American Museum of Natural History

American Museum as Seton would have seen it in the early 1900s.
The American Museum of Natural History as it Appears Today
Seton Speaking (in sign talk) with Grey Whirlwind at Standing Rock, 1927 (Photo by Clyde Fisher)

Seton was closely associated with the American Museum of Natural History at 200 Central Park West in New York City from his earliest days in New York.

He studied and worked alongside AMNH scientists, several of whom he collaborated with and became close friends. Among his AMNH colleagues were Frank Chapman, a leading ornithologist of the day, and later Clyde Fisher, who would ultimately achieve lasting recognition as the first director of the Hayden Planetarium at the Museum, a position now held by Neal deGrasse Tyson.

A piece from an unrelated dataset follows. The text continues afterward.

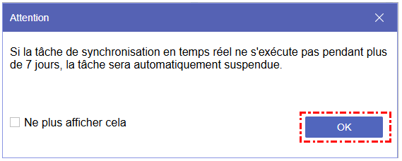 Après avoir cliqué sur le bouton « Synchroniser maintenant », une fenêtre s'affichera pour vous avertir que si la synchronisation en temps réel reste inactive pendant plus de 7 jours, elle sera automatiquement interrompue. Cliquez sur « OK » pour lancer la synchronisation.
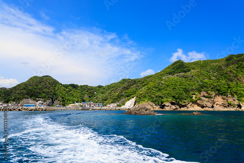 © d3_plus, Fototapeta premium ヒリゾ浜渡船の漁船に乗って、海に出るスキンダイバー、シュノーケラーたち。静岡県伊豆半島賀茂郡南伊豆町中木ヒリゾ浜 2024年

Clyde Fisher was co-leader of the 1927 Woodcraft Expedition. The expedition began in Bismarck, North Dakota, including a visit to Standing Rock and traveled southwest through South Dakota and Wyoming to Estes Park, Colorado, and Rocky Mountain National Park, and then into New Mexico, where they visited many pueblos in New Mexico and Arizona from a headquarters in Santa Fe. At the time, Fisher was curator of visual instruction at the museum and a pioneer in documentary films. The trip was intended to study Indian dance and Indian Sign Language. He took extensive footage and still photographs on the trip. Fisher produced a film entitled Camping Among the Indians for the museum, which documents Indian dancers at Standing Rock and various pueblos and at the Gallup Intertribal Ceremonial. Unfortunately, another film he created on Indian Sign Talk has been lost for many years.

While there are currently no items on public display, the Museum’s collections include a large amount of Seton-related items, including the originals of his journals, photographs, artwork, and other material.